И это как тысяча ножей по коже. Во рту образовывается горечь, и я прикрываю губы ладонью, чтобы ненароком не всхлипнуть. Или не закричать.
— Ась?
— Да, я слышу. Я поняла.
— Ась, — говорит на выдохе. — Не клади трубку.
— Ты… ты там сначала разберись как-нибудь самостоятельно, что ты на самом деле хочешь, ладно? А потом, если в этом ещё будет необходимость, можешь позвонить мне.
Сбрасываю звонок и закрываю глаза.
Сначала, повинуясь какому-то инстинкту самосохранения, я убеждаю себя, что Пётр позвонит вечером. Вернётся домой, серьёзно поговорит с Варей, отправит её обратно в Воронеж, а потом обязательно мне позвонит. Я кладу телефон на край раковины, когда иду в душ, смотрю на его тёмный безжизненный экран, когда бесцельно перемешиваю ложкой йогурт в банке. Бесконечное число раз проверяю, не разрядилась ли батарея и не включила ли я случайно беззвучный режим. Засыпаю на подушках, ещё пахнущих кожей Петра, сжав мобильник в ладони на случай, если он позвонит среди ночи.
Сплю отвратительно, едва проваливаюсь в хрупкое забытьё, но тут же распахиваю зудящие веки, слеплю комнату светом телефона и проверяю, нет ли пропущенных звонков или сообщений. Весь следующий день провожу в кровати. Вью гнёзда в одеяле, задумчиво отрываю кусочки кожи с обожжённой ладони, рассматривая, как в крошечных ранках собирается кровь в крупные блестящие капли. Слушаю, как этажом выше носится по квартире Вероника. Сверлю взглядом то место на тумбочке, где лежали его часы.

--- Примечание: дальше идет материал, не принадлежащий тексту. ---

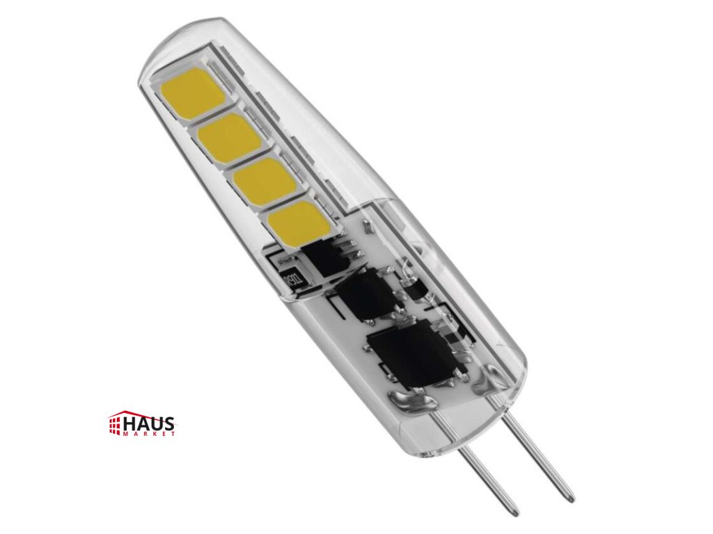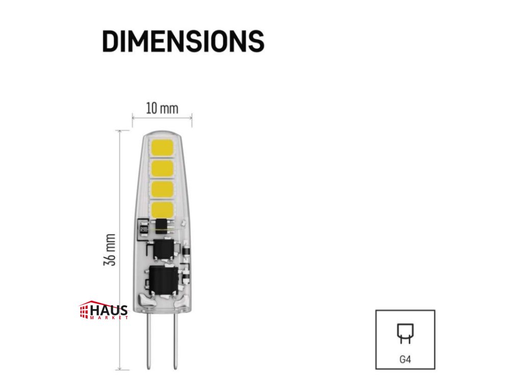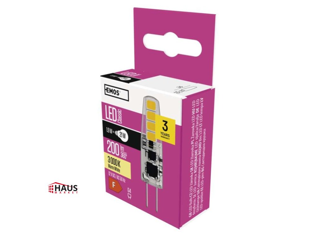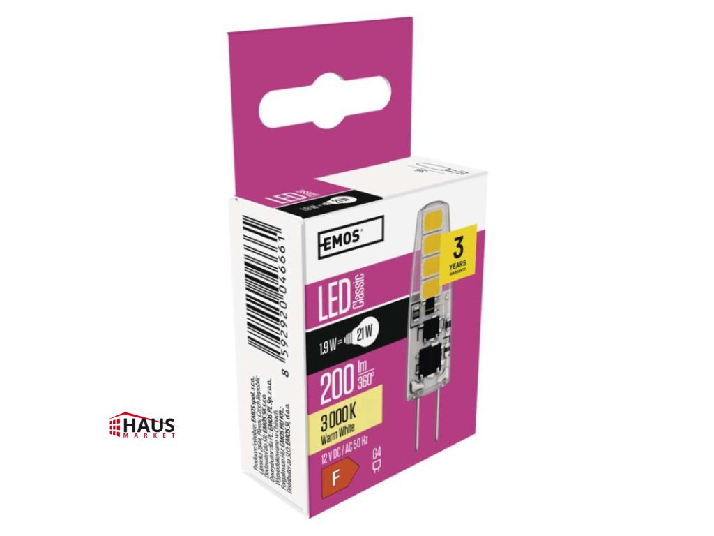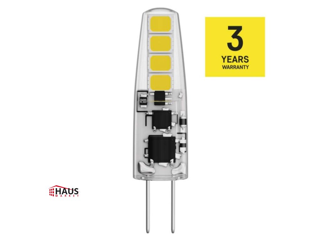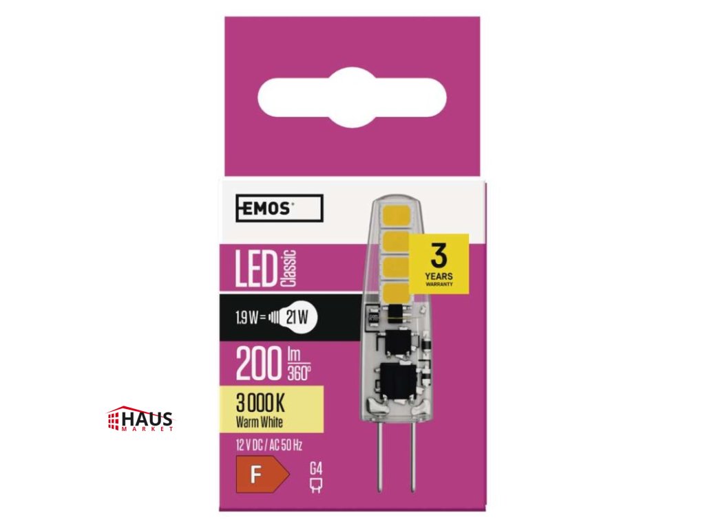 #: #|energetická trieda: F|farba svetla: teplá biela|index podania farieb (CRI): Ra >80|kompatibilita: –|náhrada za žiarovku: 21 W|napätie: 12 V|notifikácie do mobilnej aplikácie: –|ovládanie hlasovými asistentmi: –|pätica (uchytenie žiarovky): G4|počet čipov: neuvádza sa|počet spínacích cyklov: 25 000|podporované OS: –|predajný obal: 1 ks, krabička|prenosová frekvencia: –|príkon: 1,9 W|protokol: –|rada: CLASSIC|rozmer: 36 × 10 × 10 mm|stmievateľná: nie|svetelná účinnosť: 105 lm/W|svetelný tok: 200 lm|technológia: LED|teplota chromatičnosti: 3 000 K|tvar: JC|typ čipov: SMD|účinník: 0.71|uhol vyžarovania: 300°|záručná doba: 3 roky|životnosť: 30 000 hodínDodatočné parametre

В какой-то момент осознаю, что у меня нет ни одной его фотографии, почему-то даже не возникло мысли сделать пару снимков на память, на потом, на сейчас. А ещё я не знаю ни его фамилии, ни сколько ему лет, ни где родился, где учился, кем работает. Всё то, чем обычно делятся на первом свидании, которого у нас никогда не было. Злосчастный кокон и вправду отгородил нас от внешнего мира. Я знаю, что Пётр неплохо играет на гитаре, терпеть не может курятину и покорил как минимум три горные вершины. Знаю, какие книги он читает, какой кофе любит, какие слова хрипит мне в ухо в моменты наслаждения. Как забавно чихает в локоть, словно дэбит, и какая его кожа на вкус. Остальное тогда казалось неважным, а сейчас без этого базового остального я даже не могу найти его в интернете.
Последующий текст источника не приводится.